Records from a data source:
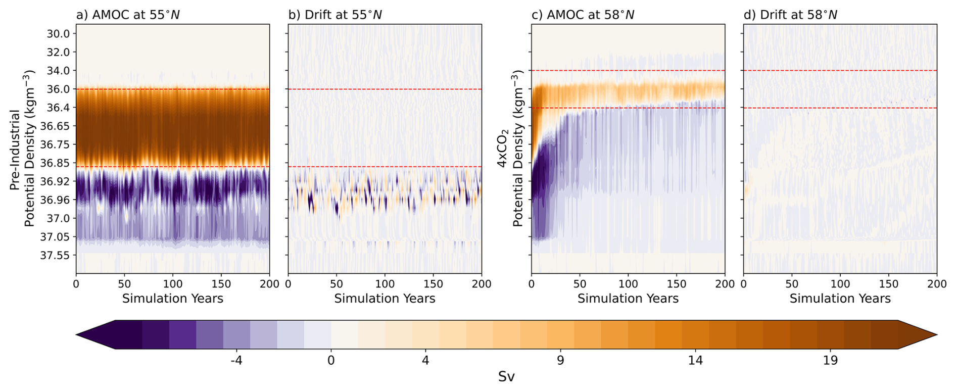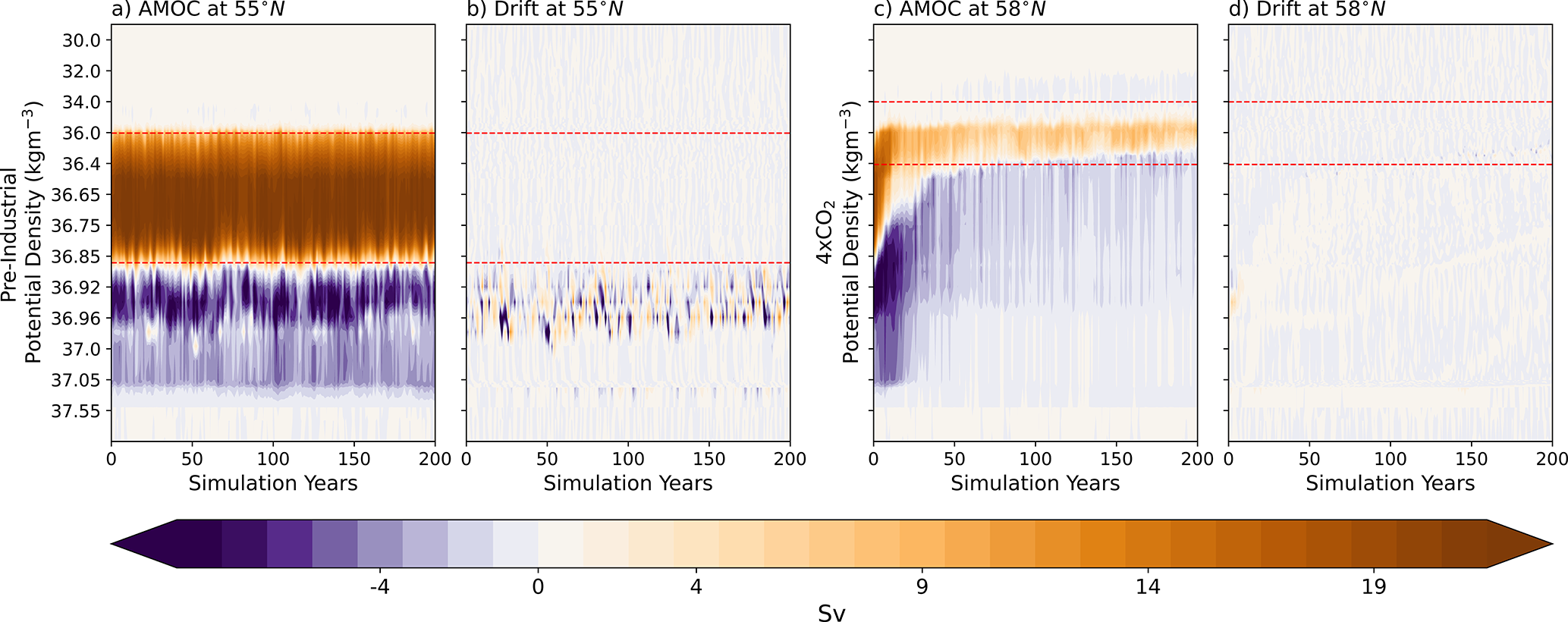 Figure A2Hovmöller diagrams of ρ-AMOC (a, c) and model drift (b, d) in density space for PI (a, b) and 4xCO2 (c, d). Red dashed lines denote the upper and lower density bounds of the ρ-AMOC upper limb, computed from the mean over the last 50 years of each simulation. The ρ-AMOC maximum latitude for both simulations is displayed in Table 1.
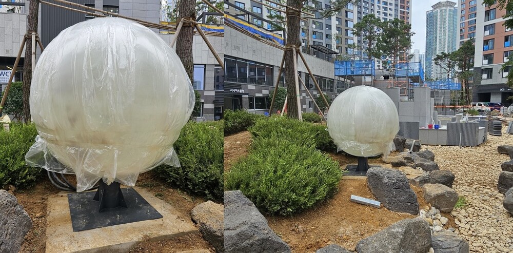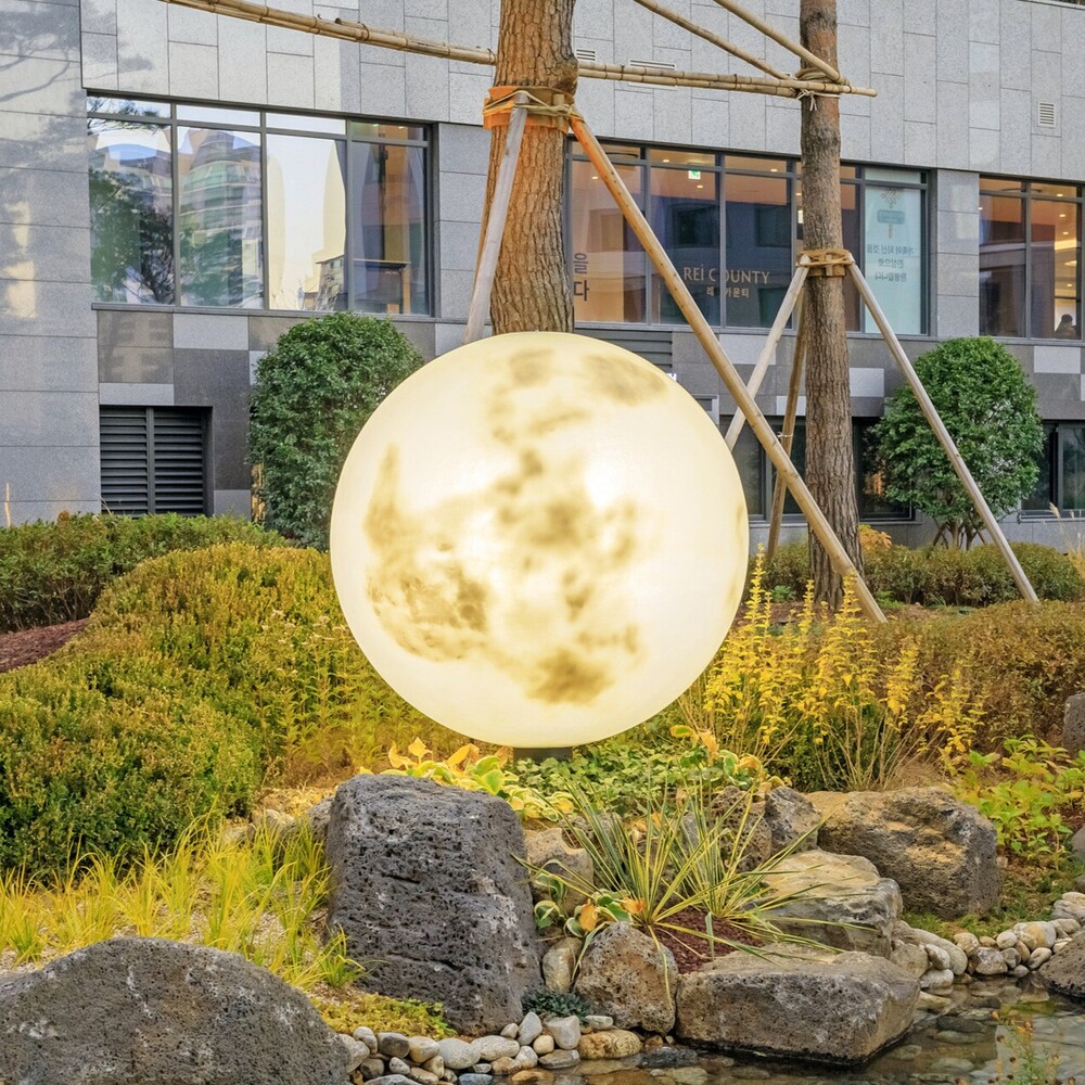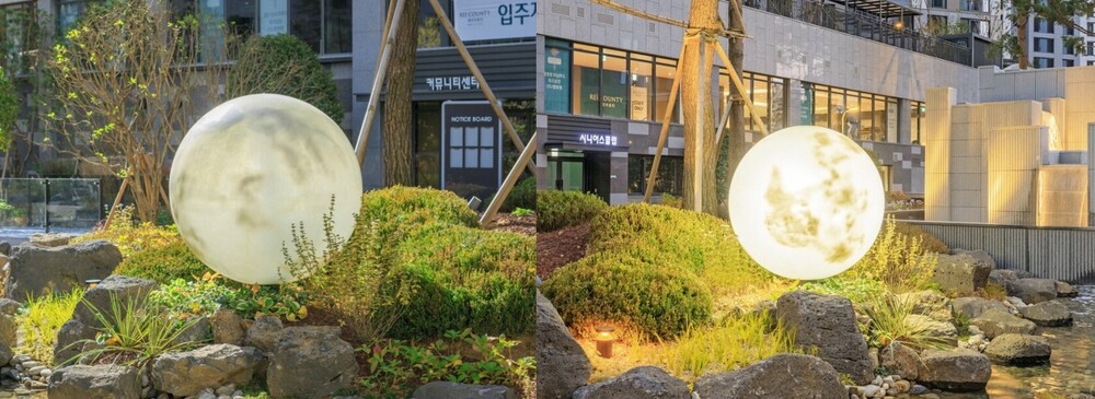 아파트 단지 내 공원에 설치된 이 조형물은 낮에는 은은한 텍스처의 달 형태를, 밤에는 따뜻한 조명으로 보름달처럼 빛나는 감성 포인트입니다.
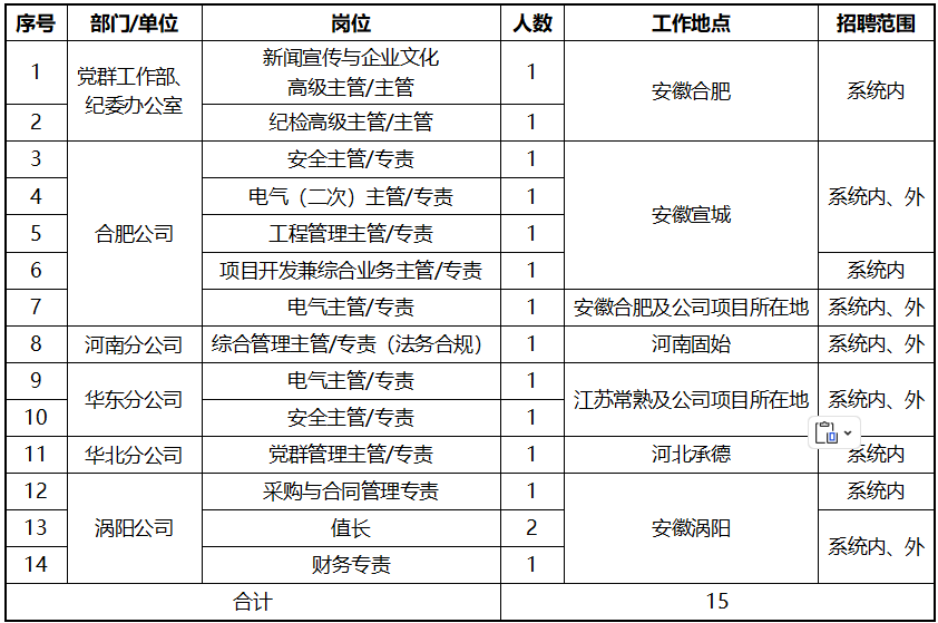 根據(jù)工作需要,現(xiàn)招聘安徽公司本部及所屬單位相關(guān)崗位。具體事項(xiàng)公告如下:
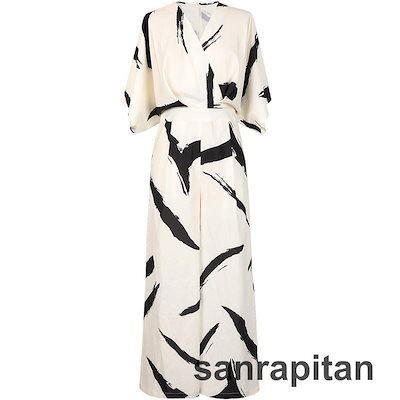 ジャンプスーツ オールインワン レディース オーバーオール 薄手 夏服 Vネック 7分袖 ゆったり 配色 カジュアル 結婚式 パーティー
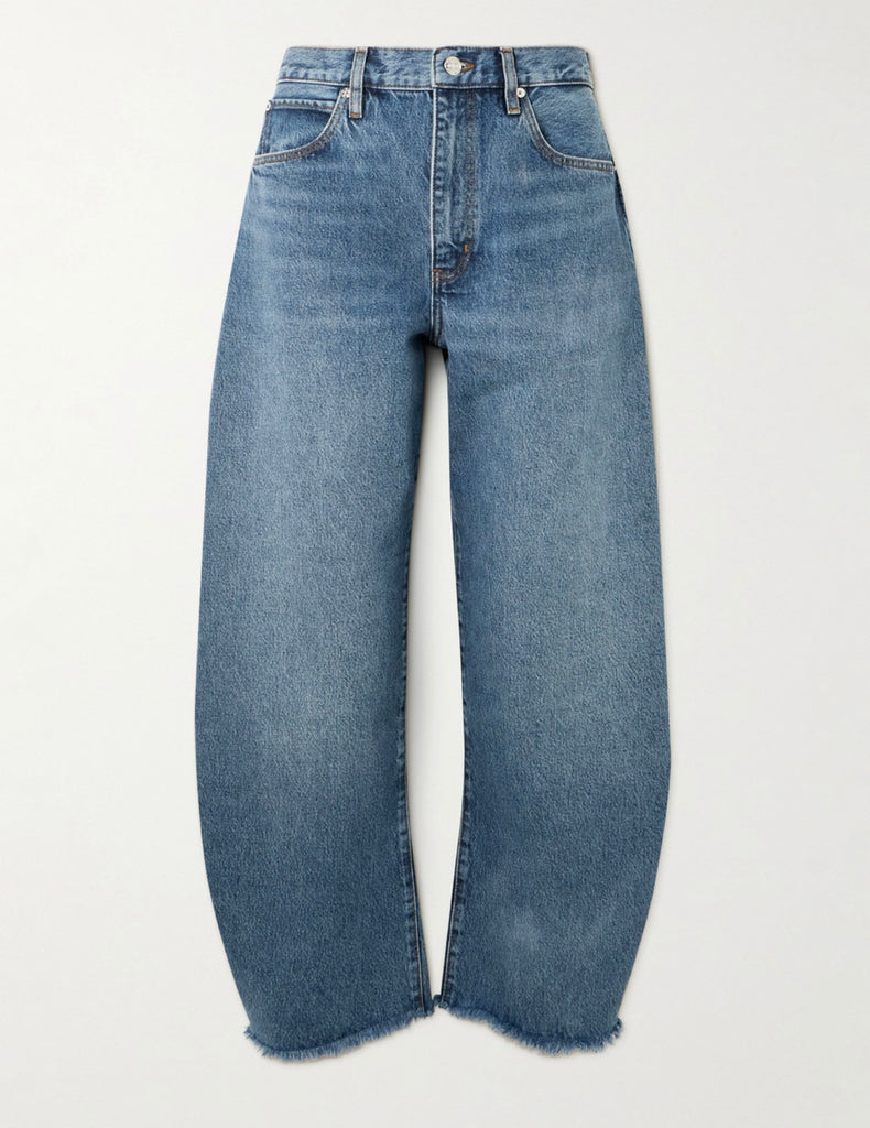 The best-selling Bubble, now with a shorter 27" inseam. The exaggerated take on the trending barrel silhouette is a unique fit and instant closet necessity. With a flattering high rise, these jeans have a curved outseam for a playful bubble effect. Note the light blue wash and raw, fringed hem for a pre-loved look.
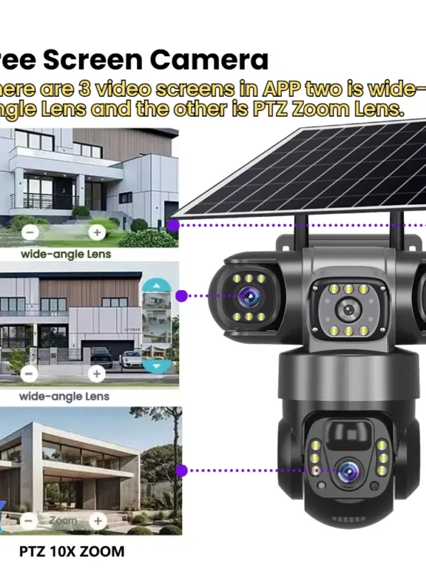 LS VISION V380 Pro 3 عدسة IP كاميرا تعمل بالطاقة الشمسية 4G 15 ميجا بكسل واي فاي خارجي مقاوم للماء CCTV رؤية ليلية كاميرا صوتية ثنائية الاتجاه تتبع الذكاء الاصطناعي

Task instructions —
With the pictures omitted, repeat the full set of records above exactly.

Response to this exercise —
 Figure A2Hovmöller diagrams of ρ-AMOC (a, c) and model drift (b, d) in density space for PI (a, b) and 4xCO2 (c, d). Red dashed lines denote the upper and lower density bounds of the ρ-AMOC upper limb, computed from the mean over the last 50 years of each simulation. The ρ-AMOC maximum latitude for both simulations is displayed in Table 1.
 아파트 단지 내 공원에 설치된 이 조형물은 낮에는 은은한 텍스처의 달 형태를, 밤에는 따뜻한 조명으로 보름달처럼 빛나는 감성 포인트입니다.
 根據(jù)工作需要,現(xiàn)招聘安徽公司本部及所屬單位相關(guān)崗位。具體事項(xiàng)公告如下:
 ジャンプスーツ オールインワン レディース オーバーオール 薄手 夏服 Vネック 7分袖 ゆったり 配色 カジュアル 結婚式 パーティー
 The best-selling Bubble, now with a shorter 27" inseam. The exaggerated take on the trending barrel silhouette is a unique fit and instant closet necessity. With a flattering high rise, these jeans have a curved outseam for a playful bubble effect. Note the light blue wash and raw, fringed hem for a pre-loved look.
 LS VISION V380 Pro 3 عدسة IP كاميرا تعمل بالطاقة الشمسية 4G 15 ميجا بكسل واي فاي خارجي مقاوم للماء CCTV رؤية ليلية كاميرا صوتية ثنائية الاتجاه تتبع الذكاء الاصطناعي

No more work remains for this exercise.